__Problem__
Exactly as they stand, repeat the lines from the one containing "薄款 速干透气夏季 宽松工装 马裤 七分 天丝休闲短裤 夏天冰丝大码 男士" through the final line of the listing, both ends included, and nothing else; skip the pictures.

__Dataset extract__
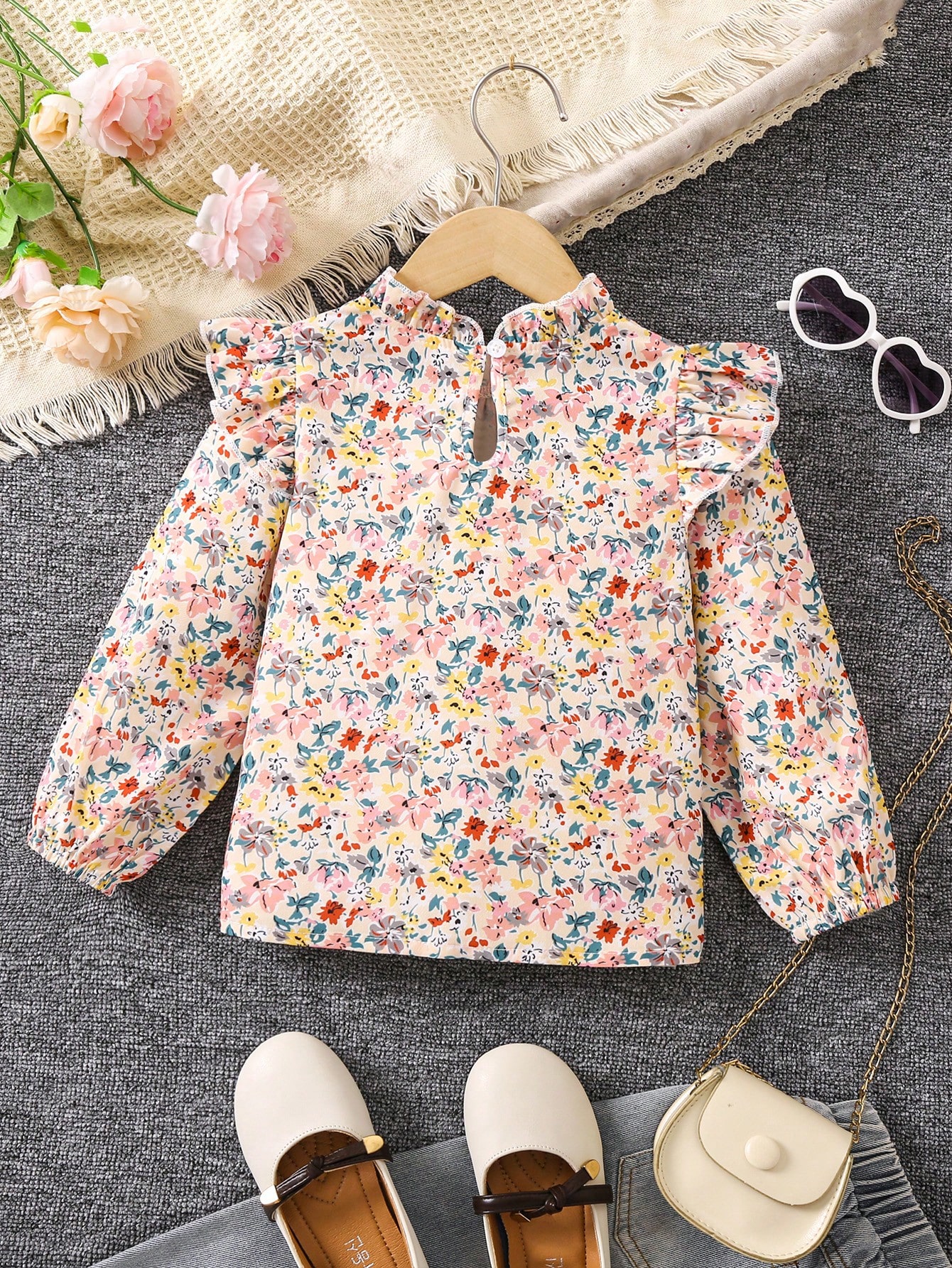 SHEIN Kids Academe Young Girl Ditsy Floral Print Ruffle Trim Mock Neck Lantern Sleeve Blouse
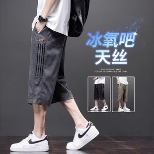 薄款 速干透气夏季 宽松工装 马裤 七分 天丝休闲短裤 夏天冰丝大码 男士
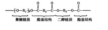 聚醚酯彈性纖維是由聚酯和聚醚共聚物通過熔融紡絲制得的彈性纖維,日本帝人公司于 1990 年首次生產(chǎn)。聚醚酯彈性纖維與聚氨酯彈性纖維結(jié)構(gòu)類似,也具有“區(qū)段”結(jié)構(gòu)特征?!败洝辨湺沃饕蔷勖焰湺?,柔軟性好,鏈較長,容易伸長變形;“硬”鏈段則是聚酯鏈段,相對較僵硬,易于結(jié)晶,鏈較短,在纖維受力變形時(shí)起節(jié)點(diǎn)作用,賦予彈性回復(fù)性能,并決定纖維的強(qiáng)力和耐熱性。

__Result of this exercise__
 薄款 速干透气夏季 宽松工装 马裤 七分 天丝休闲短裤 夏天冰丝大码 男士
 聚醚酯彈性纖維是由聚酯和聚醚共聚物通過熔融紡絲制得的彈性纖維,日本帝人公司于 1990 年首次生產(chǎn)。聚醚酯彈性纖維與聚氨酯彈性纖維結(jié)構(gòu)類似,也具有“區(qū)段”結(jié)構(gòu)特征?!败洝辨湺沃饕蔷勖焰湺?,柔軟性好,鏈較長,容易伸長變形;“硬”鏈段則是聚酯鏈段,相對較僵硬,易于結(jié)晶,鏈較短,在纖維受力變形時(shí)起節(jié)點(diǎn)作用,賦予彈性回復(fù)性能,并決定纖維的強(qiáng)力和耐熱性。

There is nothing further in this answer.